There are also other relationships at work on the football field. Most of these are hidden to the non Indigenous world for these relationships are born and nurtured in men's Law ceremonies. These relationships reflect an even deeper bond between men and they demand even further respect, even avoidance, for some men from others. Visitors to communities will not know of these relationships and might wonder as a player appears to hang back from tackling another too aggressively. Strong men's business can exist even here on the football field. Learning this art of skilled avoidance, while still putting enough physical pressure on one's opponent, is high art indeed.

Conclusion

On Anzac Day 2001 when Essendon played Collingwood, the newspaper and television commentator, Dermot Brereton, drew an analogy between the diggers at Gallipoli and modern footballers. He draw some relevance between today's game and the ANZAC heritage. In essence he said that football was more about combat than skill, winning more important than losing, violence more valuable than respect, confrontation more commendable than avoidance. "It is apparent", he wrote, "that Australian servicemen were feared and respected by their foes. Their virtues sound very much like the virtues of our great sporting heroes." This view of the game of Aussie Rules is a construction of a very different game to that which is played in parts of Australia by Indigenous men. It is also the view of the game where the boundary around appropriate male behaviour has been shifted and significantly re-drawn.

Some years after my first northern football encounter, and important cultural lesson, a group of us, including the same young man I had tackled, met over a few drinks. We talked about the past and the various things we had shared since we first met. Without any warning he turned to me and asked, "That time on the football field. It was an accident, wasn't it?" Whatever had happened that day, those years before, had not been forgotten. And not by myself either.

Since that game, on a dry, dusty oval in the north, I have reflected on the way Indigenous footballers provide something that is distinctive and different for our Australian game. At the heart of what they bring is a great enjoyment for Aussie Rules. But they also bring their culture with them: hunting that low lying and flying object of desire, the art of skilled avoidance and holding to that fine line which puts pressure on an opponent but also offers him respect.
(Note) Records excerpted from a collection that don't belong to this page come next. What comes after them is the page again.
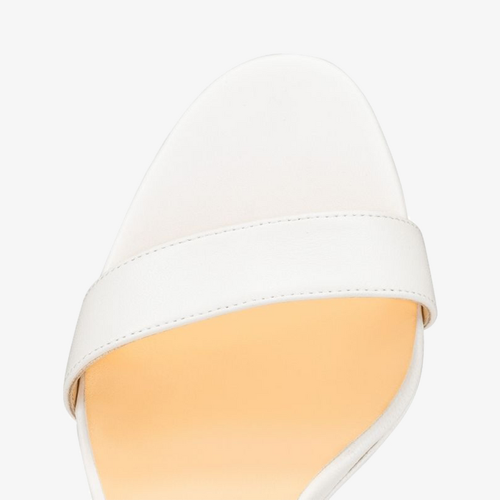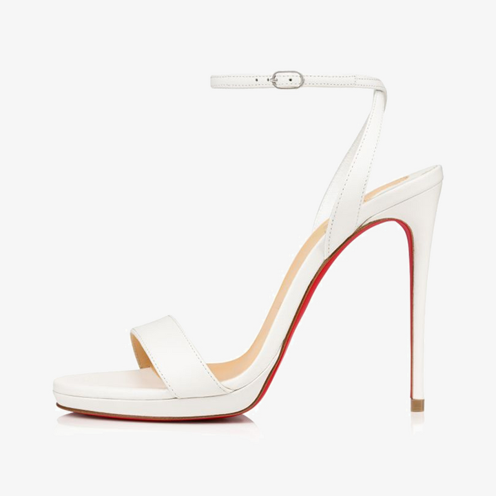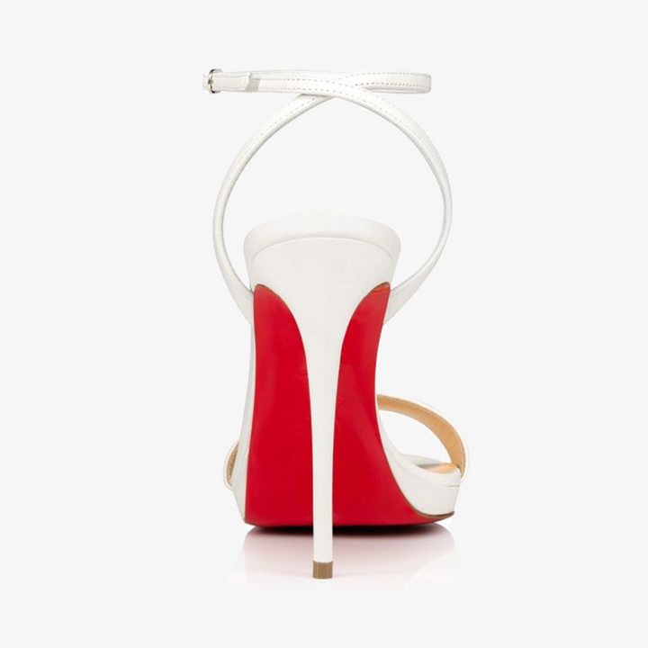 Unleash your inner vamp with this timeless stiletto sandal, reworked in white calf leather for a versatile and elegant look. Perfect for pairing with dresses or even a wedding gown, it features a delicate ankle strap resting on a 120 mm wrapped stiletto heel. The asymmetrical front strap sits atop a wearable platform sole, offering a touch of simple sophistication.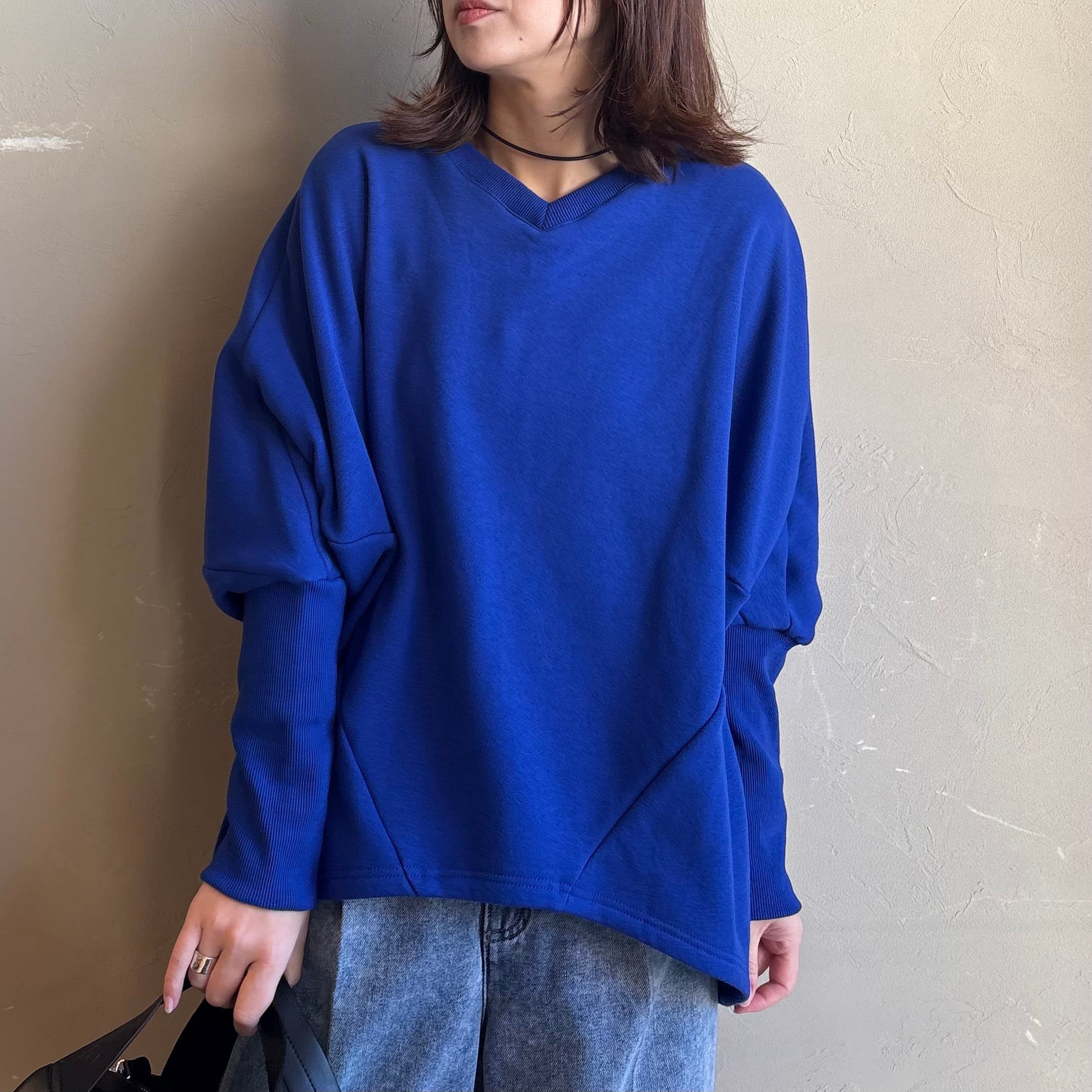 CYNICALのボンバーヒートVネックドルマントレーナーは、ふんわり裏起毛のぬくもりと、Vネックの抜け感が両立した大人のための一枚。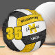 This cute volleyball themed throw pillow features the image of a realistic volleyball that has black, gold and white panels, upon which you can customise the player's name, monogram or varsity letter, team and mascot name, and jersey number on the front and back - the volleyball's black and gold panels are blended with a floral kaleidoscopic pattern for a textured appearance - by katz_d_zynes

Football can be an important area of men's business where skills and relationships are strengthened and the use of aggression is negotiated. Without a more reflective sense of what is being enacted in this game of Aussie Rules we run the risk of carelessly assimilating Indigenous footballers into the game without appreciating what it is they bring and how their cultural strengths can enrich our game and ourselves.

Brian F McCoy is with the Centre for the Study of Health and Society at Melbourne University. This article is based on a paper given at the Australian Anthropological Society Annual Conference, La Trobe University, AFL Grand Final Day, September 29th, 2001.